PROVIDED DATA:
++++++++++++++++++++

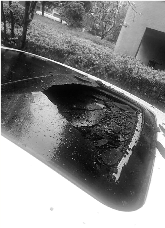 李師傅說:“3月29日一大早,我女兒送孩子上學(xué),車子就停在15幢樓下。我女兒自己都沒發(fā)現(xiàn),準(zhǔn)備開車走了。外孫女坐在后座,她說媽媽,我們車頂怎么有個(gè)窟窿了。我女兒下車一看,驚呆了,馬上給我打電話。”
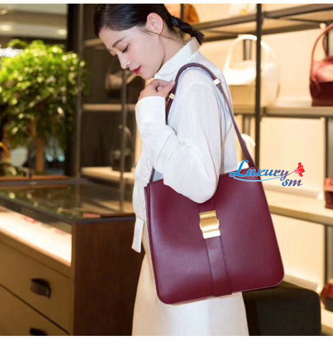 인그레이빙 클래스프를 갖춘 슬림한 숄더 백 골드 마감
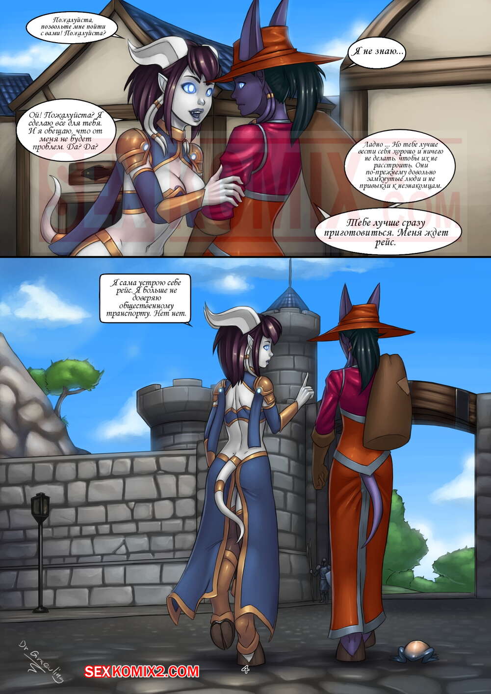 Порно комикс World of Warcraft. Эпические Путешествия и Случайные Встречи. Часть 3. Горячая красотка брюнетка продолжает свое путешествие и встречи с незнакомцами, которые привлекают ее своими огромными хуями. Сучка с радостью у них отсасывает, после чего раздвигает ножки и дает себя выебать.

++++++++++++++++++++

TASK DESCRIPTION: Pictures are not part of the copy. Restate everything else in the listing word for word.

RESULT FOR THIS EXERCISE:
 李師傅說:“3月29日一大早,我女兒送孩子上學(xué),車子就停在15幢樓下。我女兒自己都沒發(fā)現(xiàn),準(zhǔn)備開車走了。外孫女坐在后座,她說媽媽,我們車頂怎么有個(gè)窟窿了。我女兒下車一看,驚呆了,馬上給我打電話。”
 인그레이빙 클래스프를 갖춘 슬림한 숄더 백 골드 마감
 Порно комикс World of Warcraft. Эпические Путешествия и Случайные Встречи. Часть 3. Горячая красотка брюнетка продолжает свое путешествие и встречи с незнакомцами, которые привлекают ее своими огромными хуями. Сучка с радостью у них отсасывает, после чего раздвигает ножки и дает себя выебать.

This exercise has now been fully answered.